Breakdown of Typical AUB Students

After four years of studying at AUB, I think it’s time to breakdown a list of typical AUB students that you are bound to meet here:

  • The Westies: are students who have nothing better to do in life but sit outside and around West Hall and socialize 24/7. Some of them even come as early as 7:00 AM, even though their first class doesn’t start before 2:00 PM..
  • The Fiskies, known as hippies: are usually the weird English/Philosophy students who hang out outside Fisk Hall and are very culture-oriented. They have the look of afro hairdos, weird facial hair, slippers, and I’m fairly certain they are high on something other than knowledge.
  • The Zoo-keepers: are the students who basically live in the area known as the “zoo” which is a small park area facing the AUB cafeteria. They hang out to smoke, cluster, and discuss one-sided politics.
  • The sunbathers: are the students who skip classes to lay down on green oval and get tanned when the sun is out. They are usually wearing very short shorts/bikinis and are very touchy with their boy friends/girl friends/same-sex partners.
  • The premeds: are the people whose souls revolve around becoming a doctor. They eat books, drink books and sleep books. They also have common phrases such as: “Oh shit, I didn’t count how many times the professor sneezed in today’s lecture, do you think he will ask about that in the exam?
  • The Cafet Frenchies: “omelette au fromage!! OMELETTE DU FROMAGE!” (link)

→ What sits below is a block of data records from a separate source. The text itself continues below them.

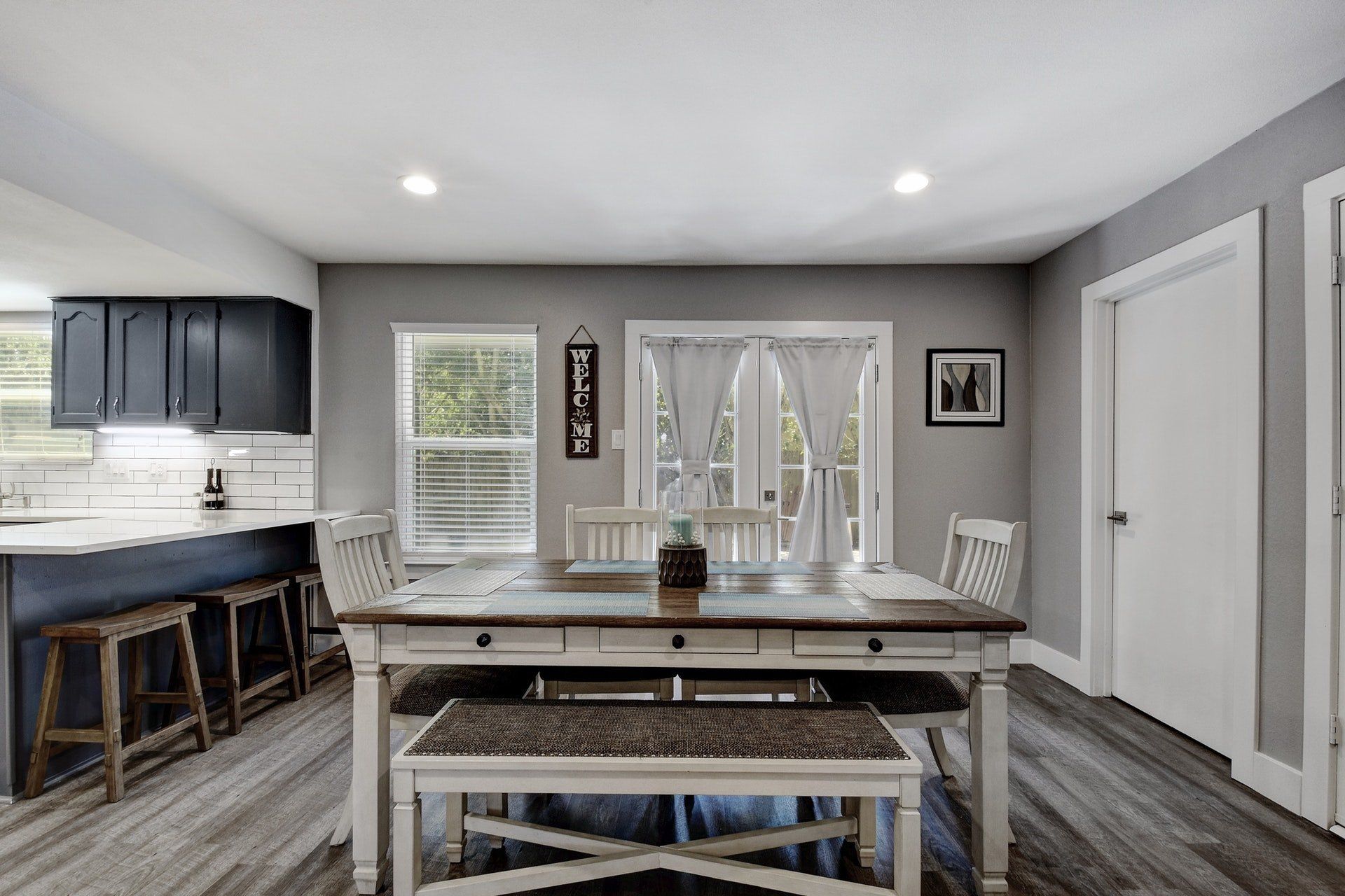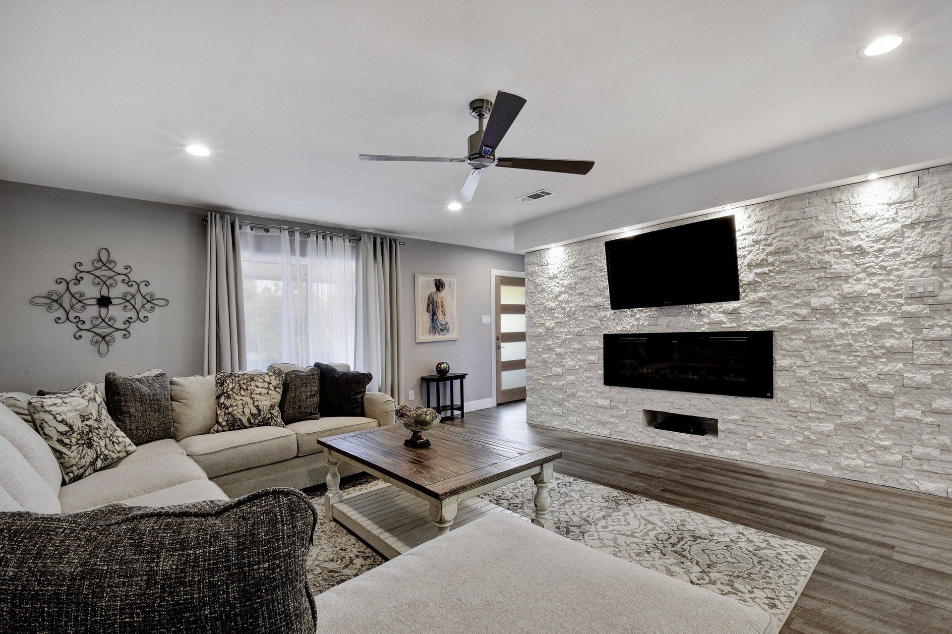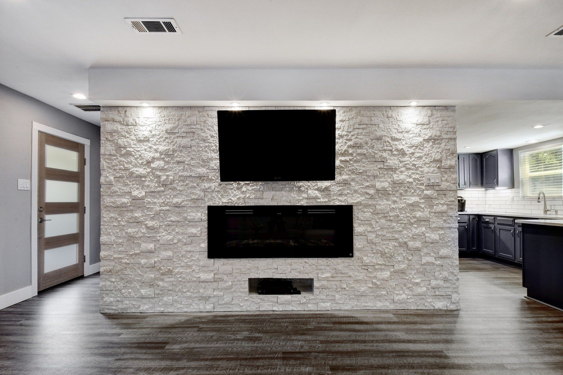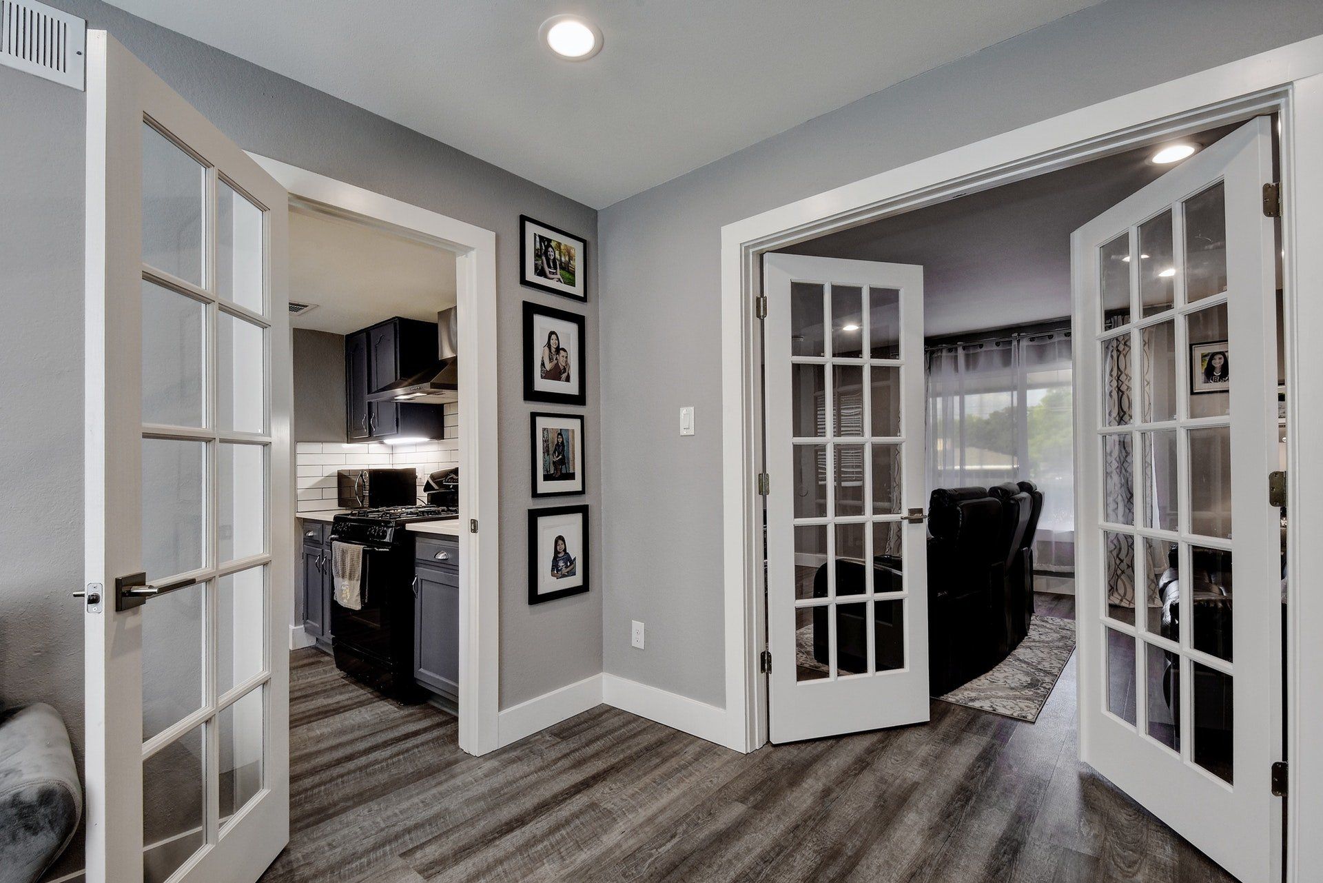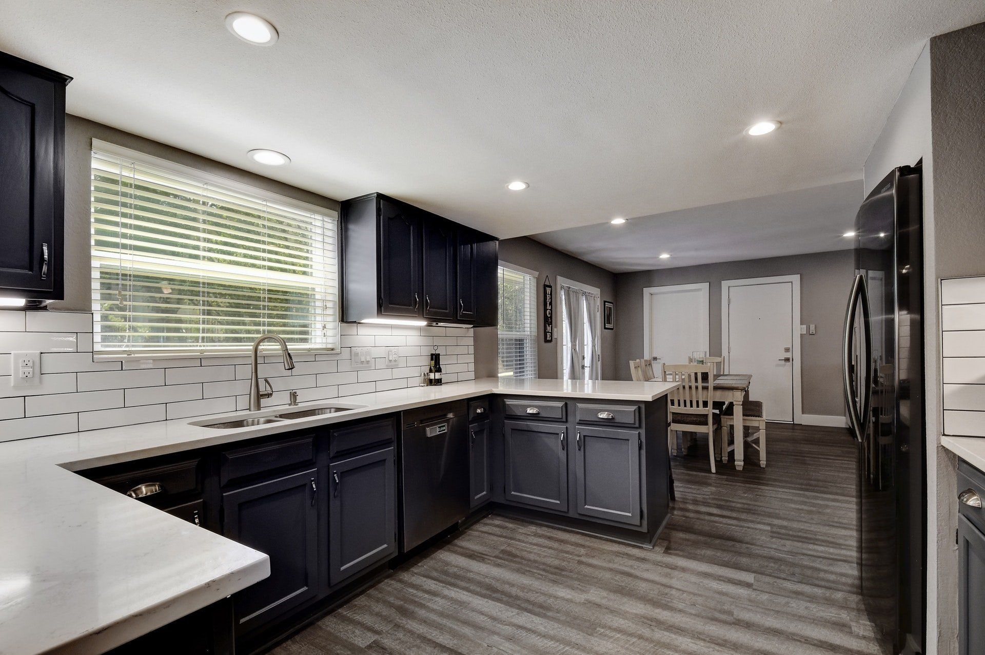 This family was really looking to update the home they love to live and play in. Like many families, also adding a beautiful and functional home office was at the top of the list. A common add for our whole home remodels is french doors to allow the home office to be open but still close off for privacy. New flooring, painting, and a beautiful accent wall for the entertainment center, plus a theater room with room for friends and family to come together for a fun movie night! For the kitchen, cabinets in good quality can be painted, here a beautiful navy color, with white backsplash and counter bring a new modern look while removing a row of upper cabinets and extending the countertop for a bar top seating open the kitchen to the dining and living areas. TRS also helped with selecting a few new pieces of art for the walls. A recent revisit to the family found that even in this well-used and well-loved home the remodel is in the same perfect and beautiful condition it was in years earlier when completed.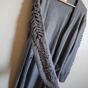 Ember Gray Open Front Cardigan Sweater With Beaded Sleeve. Size M.
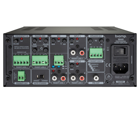 MA60 имеет четыре уровня приоритета для маршрутизации звука: один аварийный вход, один пейджинговый вход, микрофонный/линейный вход и два линейных стереофонических входа с суммированием в моно. Качество звука, простота использования и универсальный набор функций делают MA60 идеальным решением для различных профессиональных аудиоприложений.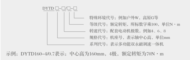 一體機(jī)型號由系列代號、規(guī)格代號、轉(zhuǎn)速代號、等級代號和環(huán)境代號五部分組成。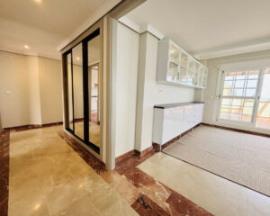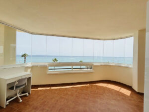 Descubra este precioso apartamento de 3 dormitorios y 2 baños con impresionantes vistas al mar y una atractiva orientación suroeste, ideal para disfrutar de impresionantes puestas de sol. Situado en una ubicación privilegiada junto a la playa, este espacioso apartamento cuenta con varias terrazas amplias, una de ellas cerrada con cortinas de cristal, lo que permite disfrutar del aire libre durante todo el año.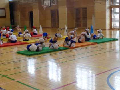 ゆりかごや動物歩きなどいろいろな動きを楽しく取り組みました。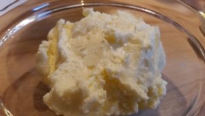 Aus 200 ml Sahne (durchschnittlich im Discounter umme Ecke um die 35 Cent) habe ich 60 g Butter erzeugt. Nach Adam Riese und Eva Zwerg brauche ich dann um 250 g reine Butter herzustellen? Rischtisch, rund 800 ml Sahne. Summasummarum grob 1,45 Euro Kosten für mein selbstgemachtes Erzeugnis. Plus die daraus gewonnene Buttermilch. Selbstredend! Strom und Arbeitsleistung lassen wir jetzt mal locker unter den Tisch fallen…![]()
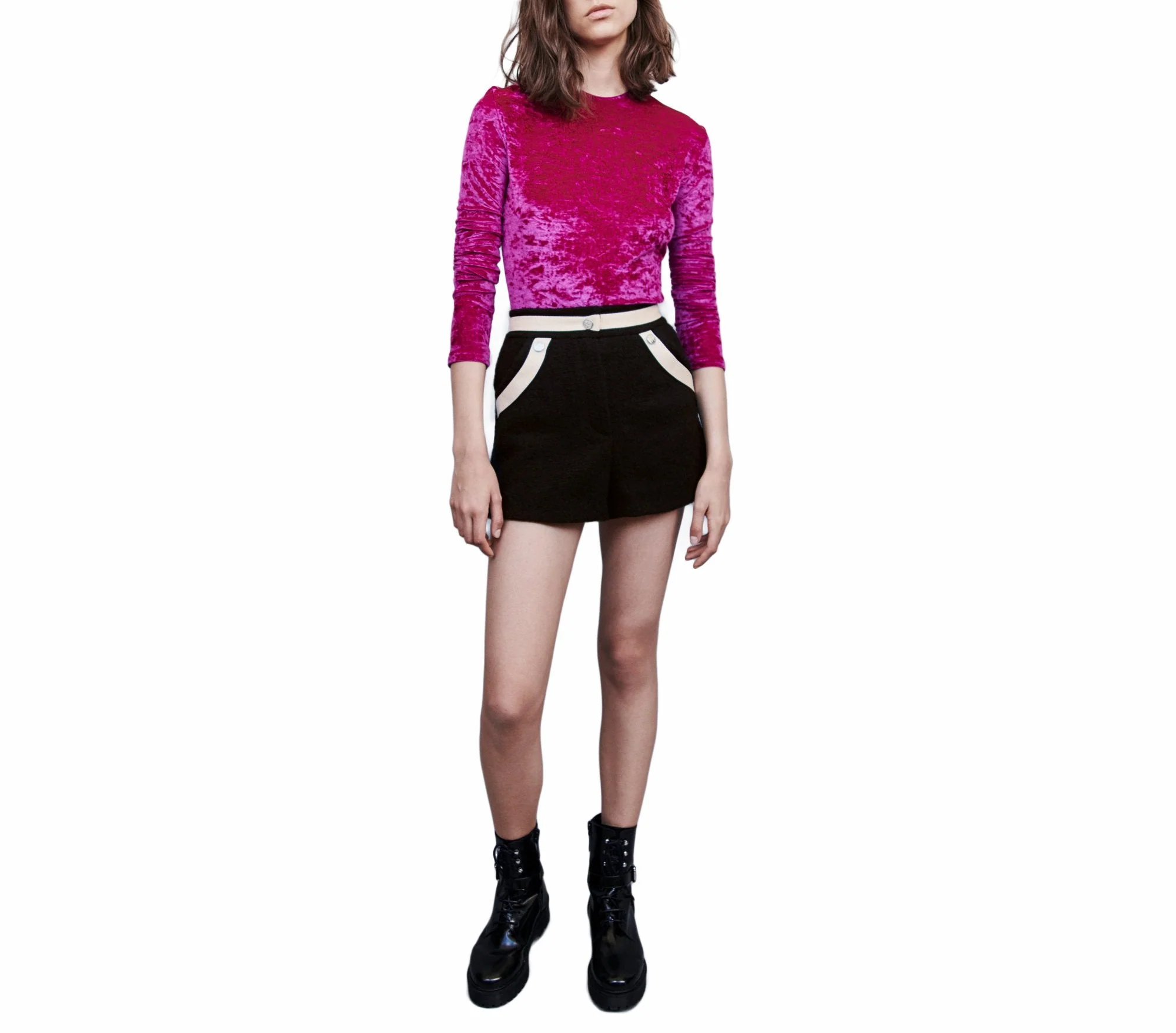 SHORT NEGRO, MARCA MAJE.CONSULTAR COMPOSICIÓN E INSTRUCCIONES DE LAVADO EN ETIQUETA INTERNA.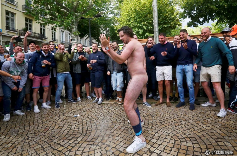 英國球迷齊聚法國中部的聖埃蒂安市(Saint Etienne),準備觀賞英國對上斯洛伐克的足球賽,廣場上一名球迷全身赤裸,炒熱現場氣氛。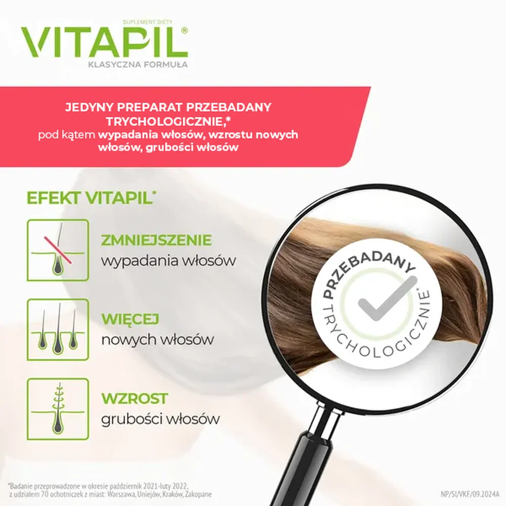 Vitapil to suplement diety w postaci kapsułek, który w swoim składzie zawiera między innymi: biotynę, miedź, cynk, żelazo czy magnan. Składniki wspierają kondycję włosów, skóry i paznokci. Preparat przeznaczony dla osób dorosłych.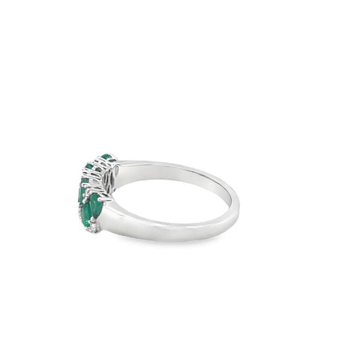 Lady's White 18 Karat Alternating 2 Row Fashion Ring Size 6.5 7 = 0.59tw Pear Emeralds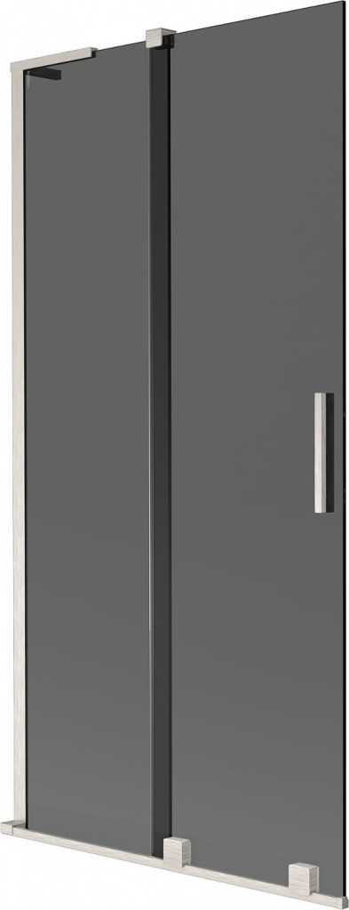 Technické údaje: Šířka: 95 cm Výška: 150 cm 2 listový typ Instalace: Univerzální Typ: Pohyblivý/Rozšiřitelný Typ skla: Tvrzené Barva skla: Grafit Tloušťka skla: 8 mm Povrchová úprava: Kartáčovaný nikl L-úhlový stabilizátor Povlak pro snadné čištění Vyrovnání nerovností stěny Sada těsnění pro odvod vody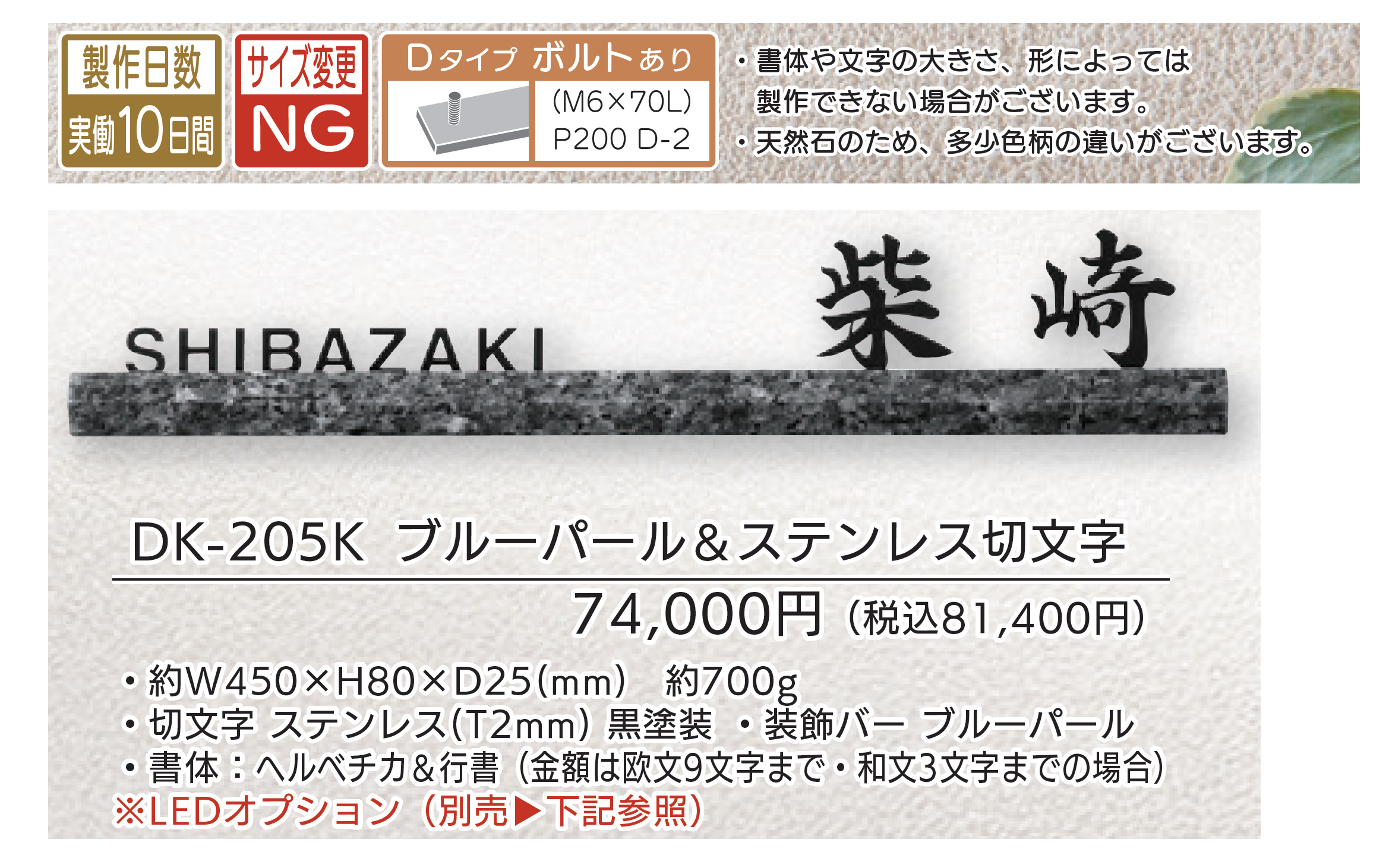 ● 書体や文字の大きさ、形によっては製作できない場合がございます。 ● 天然石のため、多少色柄の違いがございます。

  • The couples: these come in a variety of shapes, sizes and characteristics. The most common ones are the ones who are stuck at the hips (or possibly the lips), take all their courses together (even though they are of different majors) and do not miss a chance to play “bunny rabbit copulation” behind bushes or in random places around campus. These people need to learn how to get a room.
  • The celebrities/sons or daughters of celebrities: who arrive to campus with their Ferraris or Lexuses or by their daddy’s private chauffeurs (if they even bothered to remember that they had class) and are followed by groupies who worship the ground they walk on. These range from 15-minutes of fame singers/actors/inventors to sons and daughters of crappy notorious politicians.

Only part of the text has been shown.